= Exercise description =
Every line of the data below is to be duplicated exactly, pictures excepted.

= Dataset excerpt =
•••

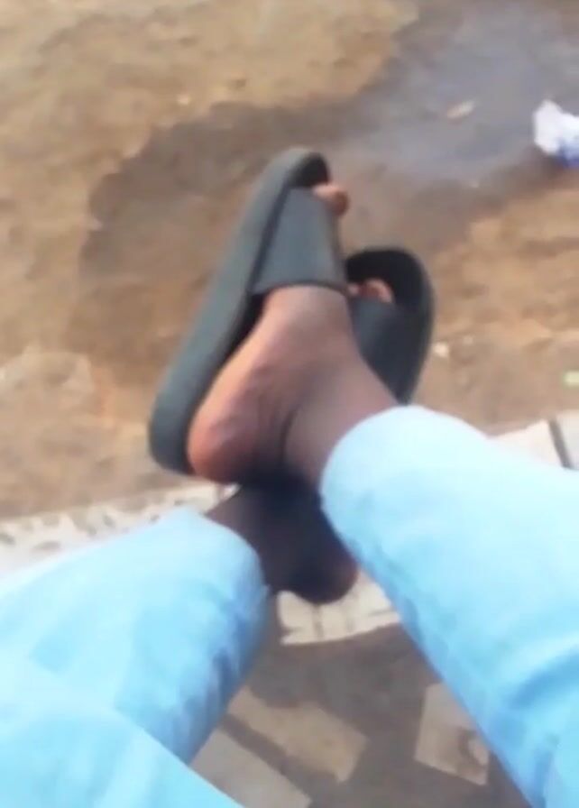 person sitting with their legs extended forward. They are wearing light blue pants and black sandals. The background is blurred, but appears to be a concrete or dirt surface. There is some indistinct trash visible in the background.
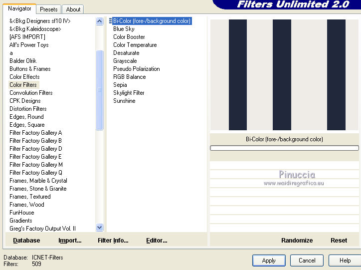 3. Effects>Plugins>Filters Unlimited 2.0 - Color Filters - Bi-Color (fore-/background color)
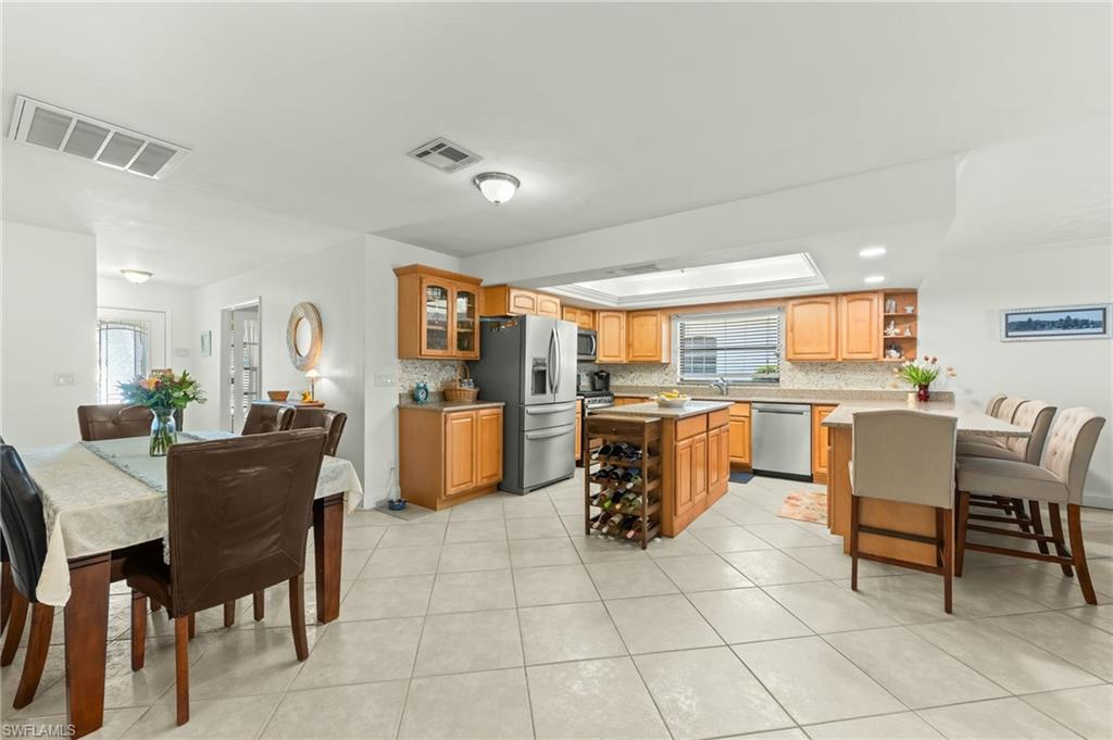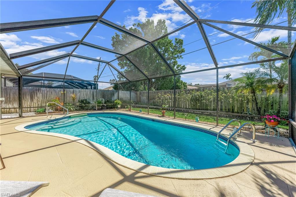 Welcome to Naples Park—where comfort, convenience, and coastal living come together in this beautifully maintained 3-bedroom, 2-bath home with a versatile den and a spacious two-car garage providing plenty of storage. Whether you’re seeking the perfect winter retreat, a smart investment property, or your own slice of paradise, this home checks every box. Freshly painted in 2024, the home is clean, bright, and move-in ready. The open-concept layout creates a welcoming atmosphere, ideal for both everyday living and entertaining. The updated kitchen (2013) features newer stainless steel appliances, a functional island for easy meal prep, and ample seating for gathering with family and friends. Relax in the spacious living room, highlighted by a custom gas fireplace and serene views of your private pool and lush tropical landscaping. The pool area is thoughtfully updated with a brand-new pool pump (2026), solar heating panels (2019), and a new pool light (2025)—perfect for enjoying evening swims year-round. The split-bedroom floor plan offers two generously sized guest bedrooms and an oversized guest bath. The large den provides flexible space for a home office, additional guest room, media room, or game room—tailored to your needs. Additional upgrades include: new roof (2020), new fence (2022), new bedroom carpet (2023), new sprinkler pump (2025), newer A/C unit (2017) and a Security system monitored by Reliable Security. This home had NO FLOODING during any of the past hurricanes. Located just 0.9 miles from the beach, you can bike or stroll to enjoy a beach day or the breathtaking sunsets along the Gulf. Naples Park is ideally situated near some of the area’s best shopping and dining, offering the perfect blend of tranquility and convenience. This is Florida living at its finest- schedule a showing today!
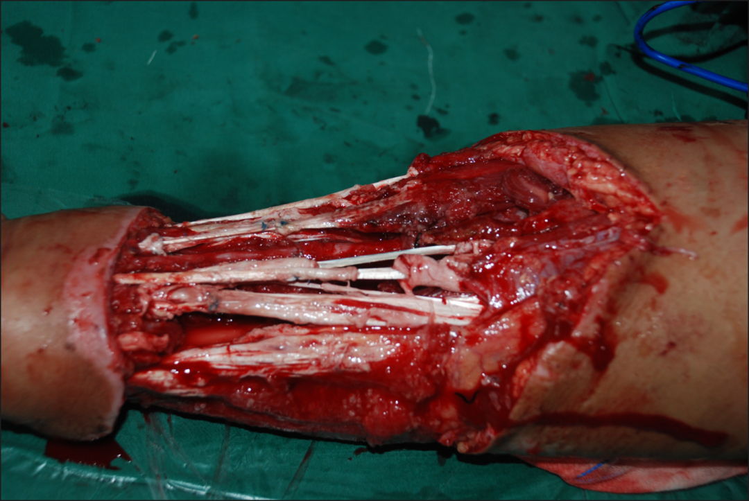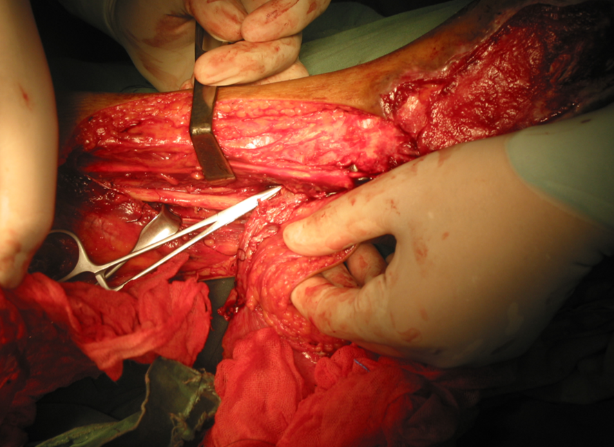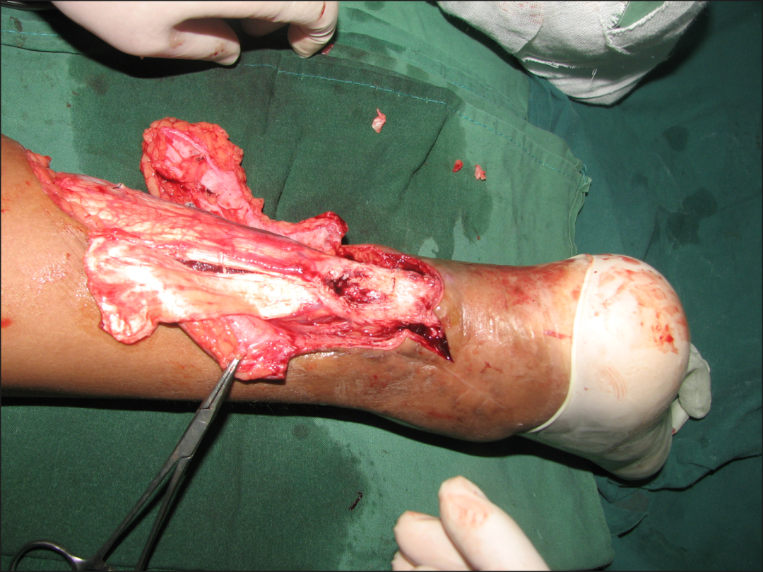 6、皮瓣带骨膜或胫骨修复骨缺损及骨不连。

•••

= Answer to the exercise =
 person sitting with their legs extended forward. They are wearing light blue pants and black sandals. The background is blurred, but appears to be a concrete or dirt surface. There is some indistinct trash visible in the background.
 3. Effects>Plugins>Filters Unlimited 2.0 - Color Filters - Bi-Color (fore-/background color)
 Welcome to Naples Park—where comfort, convenience, and coastal living come together in this beautifully maintained 3-bedroom, 2-bath home with a versatile den and a spacious two-car garage providing plenty of storage. Whether you’re seeking the perfect winter retreat, a smart investment property, or your own slice of paradise, this home checks every box. Freshly painted in 2024, the home is clean, bright, and move-in ready. The open-concept layout creates a welcoming atmosphere, ideal for both everyday living and entertaining. The updated kitchen (2013) features newer stainless steel appliances, a functional island for easy meal prep, and ample seating for gathering with family and friends. Relax in the spacious living room, highlighted by a custom gas fireplace and serene views of your private pool and lush tropical landscaping. The pool area is thoughtfully updated with a brand-new pool pump (2026), solar heating panels (2019), and a new pool light (2025)—perfect for enjoying evening swims year-round. The split-bedroom floor plan offers two generously sized guest bedrooms and an oversized guest bath. The large den provides flexible space for a home office, additional guest room, media room, or game room—tailored to your needs. Additional upgrades include: new roof (2020), new fence (2022), new bedroom carpet (2023), new sprinkler pump (2025), newer A/C unit (2017) and a Security system monitored by Reliable Security. This home had NO FLOODING during any of the past hurricanes. Located just 0.9 miles from the beach, you can bike or stroll to enjoy a beach day or the breathtaking sunsets along the Gulf. Naples Park is ideally situated near some of the area’s best shopping and dining, offering the perfect blend of tranquility and convenience. This is Florida living at its finest- schedule a showing today!
 6、皮瓣带骨膜或胫骨修复骨缺损及骨不连。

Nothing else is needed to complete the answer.